Raccontare l’altro

Si è tenuto il 5 maggio a Roma Un'altra informazione è possibile: convegno sulle peripezie delle notizie: un nuovo modo di guardare al flusso informativo
Manifesto Un'altra informazione

Un convegno insolito, senza tavolo né sedie per i relatori, perché tutti si sentissero partecipanti attivi: così il moderatore ha presentato Un’altra informazione è possibile: convegno sulle peripezie delle notizie, promosso dal gruppo Agesci “Clan universitario di Roma” all’università La Sapienza, in collaborazione con Amu, Libera, NetOne e PuntoLab. Un momento in cui «capire come l’informazione può farci avvicinare all’altro, che spesso non conosciamo», attraverso un colloquio con rappresentanti di altrettanti modi “diversi” di fare informazione.

 

Tonio Dell’Olio è responsabile del settore internazionale di Libera, associazione attiva su tutti i fronti della lotta alle mafie. Mafia, infatti, è un nome da declinare al plurale: «Il fatto di pensare che esista una sola forma di criminalità organizzata – ha affermato – è una delle più grosse distorsioni informative». La seconda è che le mafie raggiungono le prime pagine solo in relazione a fatti di sangue, mentre «queste in realtà sono essenzialmente degli attori economici: basta confrontare il clamore suscitato nel 2007 dalla strage di Duisburg, contro il silenzio sotto cui è passato il fatto che la mafia tedesca avesse acquisito un pacchetto di azioni di Gazprom». Per questo l’informazione intesa come conoscenza «è parte integrante della democrazia», fondamentale soprattutto per combattere quella che Dall’Olio ha chiamato «mafiosità»: un atteggiamento diffuso di tolleranza del non rispetto delle regole. «Perché, se rappresentiamo le mafie solo come organizzazioni criminali – ha aggiunto – ne consegue che solo le forze dell’ordine e la magistratura sono legittimate a combatterle, mentre è compito della società intera».

 

Si è poi passati alla presentazione di un esempio di questa “informazione diversa” grazie all’esperienza di PuntoLab, nato come spazio di dialogo tra professionisti e diventato “laboratorio civico di comunicazione” con l’apertura al pubblico un anno fa. A portare uno spaccato del panorama informativo attuale, dei criteri di notiziabilità e del lavoro di PuntoLab è stata la programmista Tamara Pastorelli, seguita dal racconto dell’esperienza diretta a Lampedusa della corrispondente di Città Nuova Maddalena Maltese.

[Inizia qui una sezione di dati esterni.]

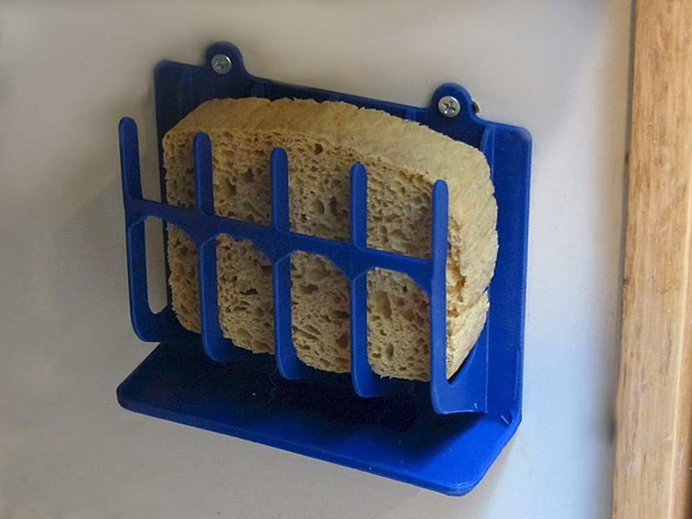 Dieser an der Wand montierte Schwammhalter eignet sich perfekt für die Montage im Schrank unter der Spüle. Es verfügt über eine integrierte, leicht zu reinigende Auffangschale und eine solide Hinterkante, um Feuchtigkeit von der Wand fernzuhalten.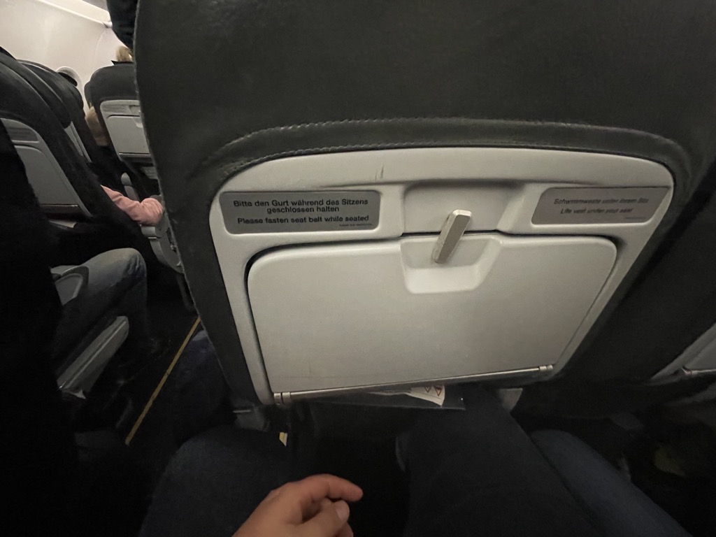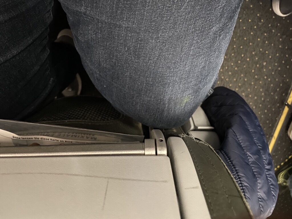 Die Ledersitze sind grundsätzlich durchaus bequem und für die kürzeren Flüge in Europa ausreichend gut gepolstert, allerdings fand ich den Sitzabstand unangenehm eng und ich bin mit meinen Knien direkt am Vordersitz angeschlagen. Viel Freiraum hat man also nicht.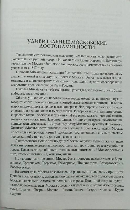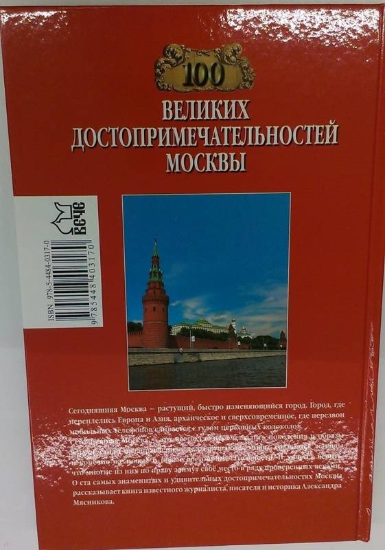 ОписаниеСегодняшняя Москва - растущий, быстро изменяющийся город. Город, где переплелись Европа и Азия, архаическое и сверхсовременное, где перезвон мобильных телефонов сливается с гулом церковных колоколов. Сегодняшняя Москва - это место, где перемешались поколения и образы жизни, стили и направления, где разрушаются мифы, создаются легенды и, конечно же, новые и новые достопримечательности. И хочется верить, что многие из них по праву займут своё место в ряду проверенных веками.О ста самых знаменитых и удивительных достопримечательностях Москвы рассказывает книга известного журналиста, писателя и историка Александра Мясникова.Сегодняшняя Москва - растущий, быстро изменяющийся город. Город, где переплелись Европа и Азия, архаическое и сверхсовременное, где перезвон мобильных телефонов сливается с гулом церковных колоколов. Сегодняшняя Москва - это место, где перемешались поколения и образы жизни, стили и направления, где разрушаются мифы, создаются легенды и, конечно же, новые и новые достопримечательности. И хочется верить, что многие из них по праву займут своё место в ряду проверенных веками.О ста самых знаменитых и удивительных достопримечательностях Москвы рассказывает книга известного журналиста, писателя и историка Александра Мясникова.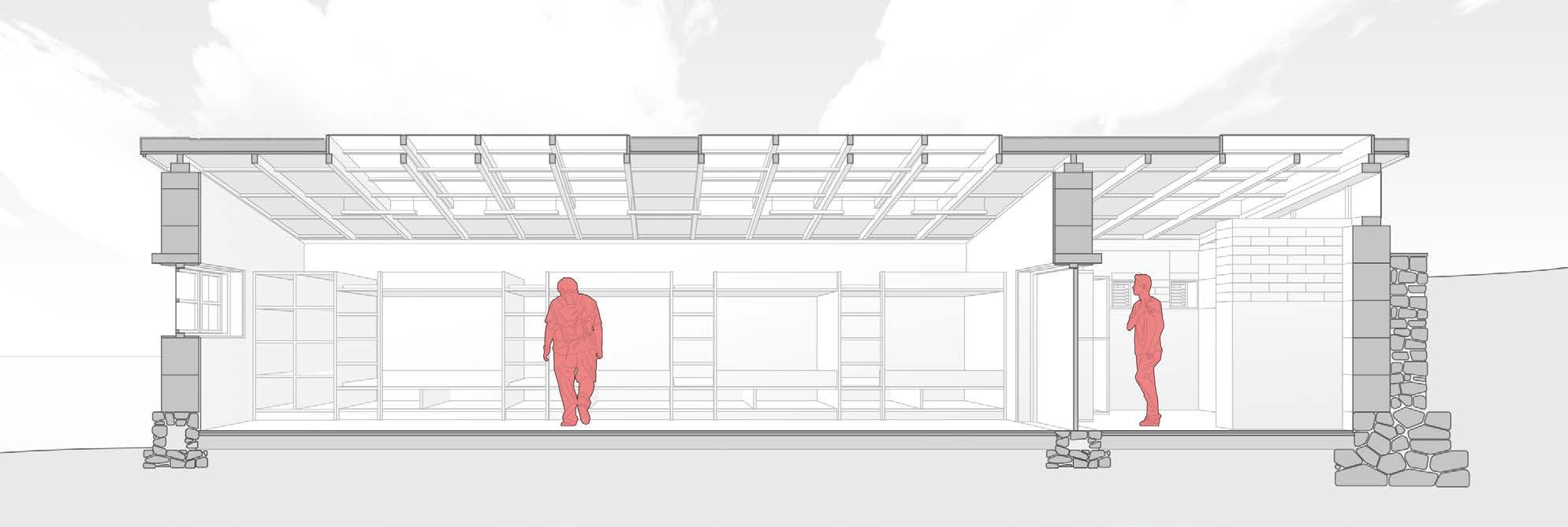 In Andes Mountains in Peru, a picturesque hiking route extends over 70 km along the Qhapac Ñan, ancient Inca trial.However, due to the lack of infrastructures, the route was only suitable for heavy backpacking. To promote local sustainable tourism, this proposal developed a system of shelters which will create a more inclusive hiking trail along the Qhapac Ñan.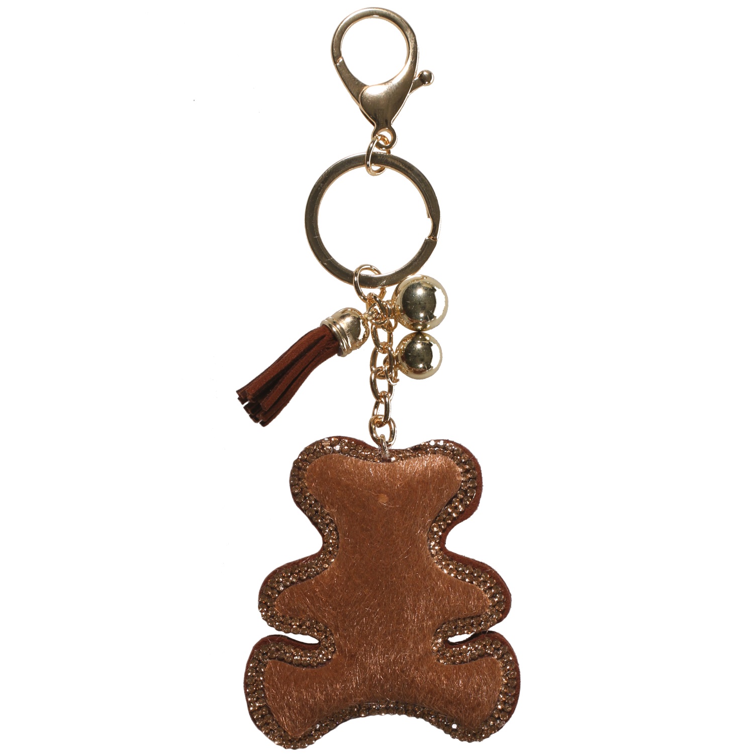 Porte-clés en métal doré, suédine, textile et cristaux synthétiques.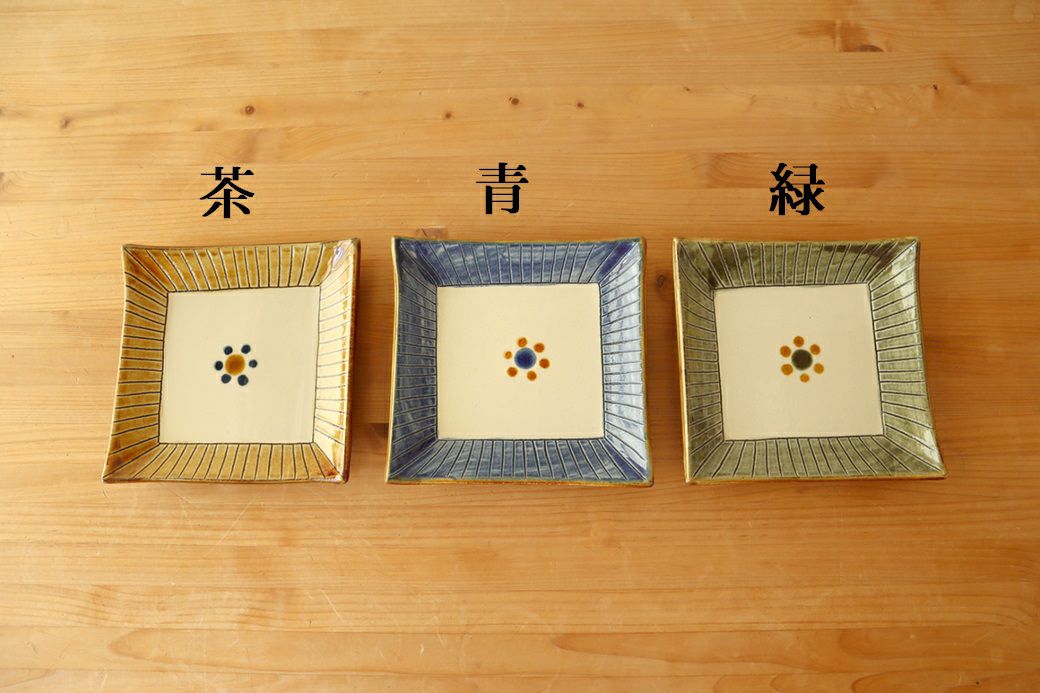 四角皿 15cm 花ぐ~線彫/ 陶眞窯

Un lavoro che si svolge nel solco del dialogo con i fruitori dell’informazione, per contribuire ad una “cultura dell’unità” grazie ad una costante presenza dell’altro nella notizia.

 

L’informazione, inoltre, è strettamente legata al tema dello sviluppo: lo ha sottolineato Stefano Comazzi dell’Associazione mondo unito (Amu), che ha portato dati sulla presenza dei Paesi in via di sviluppo nel nostro panorama mediatico. Nel caso in particolare di Haiti, si è passati da un picco durato circa un mese dopo il terremoto ad un’assenza pressoché totale, confermando che è soltanto l’onda emotiva a sostenere l’interesse per queste realtà. «E ciò accade – ha affermato Comazzi – perché si valuta solo il rendimento economico di un Paese, e non la dignità delle persone che lo abitano».

 

La difficoltà a reperire informazioni sui Paesi in via di sviluppo, quelli africani in testa, è ben nota a tutti i giornalisti: lo sa bene Riccardo Barlaam de Il sole 24 ore, che ha raccontato la storia dell’agenzia di stampa Africa Times News da lui fondata. Il giornalista ha infatti utilizzato i soldi del Premio Enzo Baldoni, da lui vinto, per fondare nel 2008 una scuola per 50 giovani giornalisti nel villaggio camerunense di Fontem. Da lì è poi nata quest’agenzia di stampa, che oggi impiega tre giornalisti al sito web e tredici corrispondenti: ma il sogno di Barlaam è di arrivare ad averne 56, uno per ognuno dei Paesi africani. Questi giornalisti percepiscono uno stipendio pari a quello di un insegnante, 50 dollari al mese, uno dei più alti in queste realtà, ma più che i soldi è l’informazione che da queste terre può giungere il vero obiettivo del progetto.

 

A chiusura il dibattito incentrato su come avere un’informazione completa ed una visione reale degli avvenimenti. In uno degli interventi uno studente de La Sapienza ha affermato: «esco da qui non solo con una nuova analisi del mondo, ma anche con la consapevolezza e con la speranza che nell’informazione si può davvero raccontare il mondo».